Main idea is to use RAII for top-level objects that operate and communecate via with smaller objects and functors, that is mostly enque/deque and sequential functor execution.

The data structure and it's creation process scheme is:

    CrawlerPV::start() gets the input URL and downloads 1 HTML page using WebGrep::FuncGrepOne.
    It will spawn a root node with root.grepVars.targetURL="https://mit.edu" (for example)
    root.grepVars.matchURLVector will contain std::string iterators that point to HTML page contents
    std::string in root.grepVars.pageContent.
    Then it will create 1 child node at root->child
    with child.grepVars.targetURL={URL1 from the page, e.g. root.grepVars.matchURLVector[0]}.
    Then it will spaw consequent nodes at child->next from next matched URLs in range root.grepVars.matchURLVector[1, size()-1]. Now when we have spawned top level of the tree, we call WebGrep::FuncDownloadRecursive() on each top level
    node, the method will run nodes' parsing concurrently using the WebGrep::ThreadsPool class.

    [root(first URL)]
          |
          | {grep page and get array of matched URLs into root.grepVars.matchURLVector}
          | {spawn 1 child with URL1}
          | {spawn a chain of new nodes attached to child with URL1 using
          |  size_t LinkedTask::spawnGreppedSubtasks(const std::string& host_and_port, const GrepVars&, size_t);}
          |
          +--> [child(URL1)]-->[child->next (URL2)]-->[next->next (URL3)]
                    |                   |
                    |                   +-[child2->child{URL2.1}]-----[URL{2.K}]
                    |
                    | {recursive call to bool FuncDownloadGrepRecursive(LinkedTask* task, WorkerCtx& w)
                    |  for each node spaws new subtasks that create new child nodes.
                    |
                [child->child{URL1.1}]---[URL{1.2}]--... [URL{1.M}]

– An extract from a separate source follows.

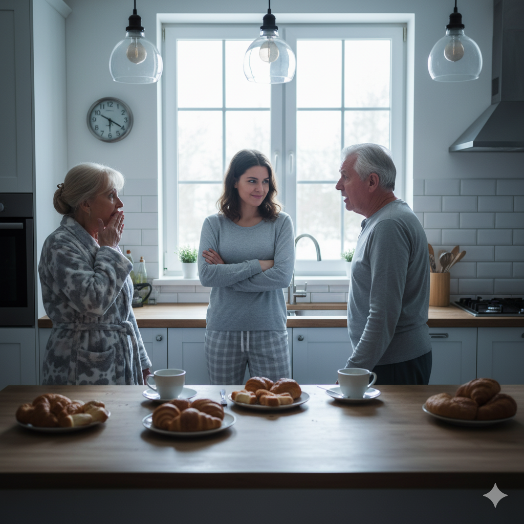 Свёкор стыдливо опустил глаза, а свекровь поперхнулась булочкой:

The tree is being processed by different threads in a wokring queue without explicit synchronization, but it is guaranteed that each thread will write only one node everytime data fields without data races. Explicit synchronization via mutual exclusions is applied whenever task results are being dequeued into somewhere -- a commonly used vector for export or a Qt5 GUI widgets.

Components

The class Crawler in "webgrep/crawler.h[.cpp]" works with the list of tasks using a thread manager like the boost::basic_threadpool,for example, it's pushing a functor objects in it and providing the results in a callbacks. This is kind of transactional ways of calling routines. It is hard to write it the right way from first try, but as a result you get a versatile task distribution system without inventing more and more types to describe events, methods to serialize them etc.
Whole parsing boiler plate (with std::regex) is located in files "webgrep/crawler_worker.h[.cpp]", it also has methods that define the program flow: spawn new tasks until there is such need for the algorithm.
The class WebGrep::ThreadsPool resembles is a thread manager that can dispatch std::function<void()> functors to be executed, it's functionality similar to boost::basic_thread_pool, which was used previously, but I decided to get rid of boost since only 1 class was used from there. Unlike boost, my ThreadsPool has specific features:

allows one to get the abandoned(unfinished) tasks when the manager has been stopped and it's threads joined;
possibility to terminate tasks on demand without waiting for their completion;
preallocated vector of items, it there's no too much items coming in, it'll not need to make extra allocations;
controlled exceptions: they'll never get out of execution scope, onException callback will be invoked if it's not NULL, imho, the user must define behavior on exception rather than catch it every time on task submission; Throughout the parsing flow each separate download/parse thing will be launched asynchronously using this ThreadsPool with functor-tasks management. Thus, all callbacks must be thread-safe (and they're).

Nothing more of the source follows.